花在开花

03月17日 15:04

在早春的寒意里,梅花开了。红梅开得鲜艳,如一团火,点燃了一年中的花季。白梅的颜色淡了许多,像是没有忘记冬天的冰雪和寒冷般,小心地在提醒着我们。我更喜欢绿萼梅,豆绿的花色,不浓也不淡,总是宜人得恰到好处。在我的眼里,每一朵绿萼梅的花上,都藏着春天的喜悦,也藏着冬天不能忘不曾忘的往事。梅花在开,让人开始向往春天。而在梅花之前,蜡梅已经开过了,对于蜡梅,我们没有这样深浓的感情和期盼,那是属于另一个季节的花开。


  梅花的花期不算短,梅花开了,我就一直留意其他的花,等着它们开花。每一种花开,都会给我们带来不一样的感受。李花是紧随着梅花开的,梅花还没有谢,李花就开了。李花的花色浅了许多,淡淡的粉色,看上去有点忧郁。李花的花期短,它开花时,我一直留意看路边的李花、人家院子里的李花,各有风情。有一天傍晚,出去散步时,看见湖边几棵李树上的花,开得那样繁密,远远地望着,竟是淡淡的粉紫色,那样耐看,好像忧郁中又藏着几分深情。

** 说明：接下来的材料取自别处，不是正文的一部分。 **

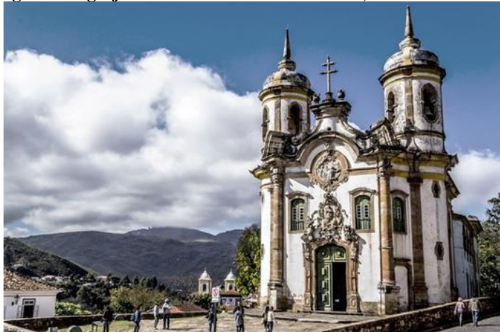
Figura 3 - Igreja da Nossa Senhora do Carmo, Ouro Preto - MG.

  那条河边,栽了一片美人梅。花开时,远看有点像樱花,但比樱花要艳丽些。看着那些正在开花的美人梅,忽然想起顾城的诗句:“花开如火,也如寂寞。”能在花开中,看到寂寞的人,都是别有怀抱的吧。


  杏花春雨江南。在江南,稍不留心,杏花就开过了。凤凰山下,一户人家的门前有一棵老杏树,高过屋檐了。不远处的山脚,也有一棵杏树,更高大一些,也更老一些。上上个星期,那户人家门前的杏树开花了,虬枝如墨,一树粉色的花朵,颇有几分画意。周末下了一天的雨,这周路过时,看见杏花已经谢了,树上缀满了紫红的叶芽。山边的那棵杏树开得迟一点,这两天正在开花。每一朵杏花都在等一场江南的春雨,每一朵杏花都是在一场风雨里悄悄地凋谢的。


  玉兰,是一种乔木,并不特别高大,但一棵开花的乔木,在春天,就足以吸引我们的目光了。在看见玉兰树之前,我从来没有想过,一棵树开花也能开得如此理直气壮。树上,白色的玉兰花,如一群白色的鸟,落在枝头嬉闹,闹上一阵,就飞走了。在树上看不见玉兰的白色花朵时,我不敢朝树下看,不想看到零落在地的玉兰花瓣,带着锈迹般的花瓣,让人莫名伤感。我宁愿相信那些玉兰花,如一只白色的小鸟,飞入山林藏了起来,它们会在明年的春天,再次飞临枝头。辛夷与玉兰,同属木兰科木兰属,辛夷开紫花。大自然中有没有紫色的鸟呢?或许没有,或许有,只是我没有见过吧。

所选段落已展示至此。